TASK DETAILS →
From the line that holds "Kolm venda Mikkola't, kõik" to the end of the records, reproduce every line exactly. No pictures.

==============================

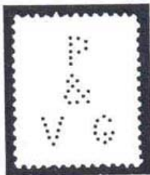
Afb. 2. De gebruikte perfin door Prinzen en van Glabbeek.

Dit verklaart ook de relatief korte duur, dat deze firma zegels perforeerde met de initialen P & V G, zie afb. 2. Volgens de Ned cat. is dit perforaat gebruikt van 1892 tot 1902.
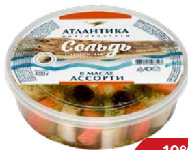
Сельдь АТЛАНТИКА, филе кусочки в масле, ассорти, 400 г
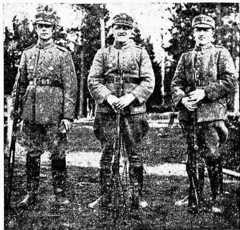
Kolm venda Mikkola't, kõik kurtummad — kaitseliitlased.

Porvoos rootsikeelne kõnelemis-, kirjutus- ja viiplemisskool,*) asutatud 1. 10. 1846. Juhat. Emil Quarnström, aadress Porvoo.
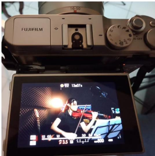
Gambar 6: kamera Fuji Film XA-3
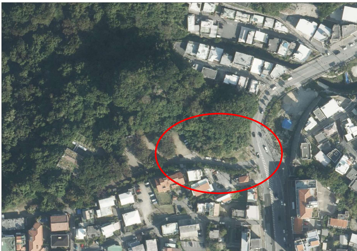
【末吉公園駐車場（儀保交番側）管理範囲（赤色部分）（non scale）】

==============================

ANSWER FOR THE TASK →
Kolm venda Mikkola't, kõik kurtummad — kaitseliitlased.

Porvoos rootsikeelne kõnelemis-, kirjutus- ja viiplemisskool,*) asutatud 1. 10. 1846. Juhat. Emil Quarnström, aadress Porvoo.
Gambar 6: kamera Fuji Film XA-3
【末吉公園駐車場（儀保交番側）管理範囲（赤色部分）（non scale）】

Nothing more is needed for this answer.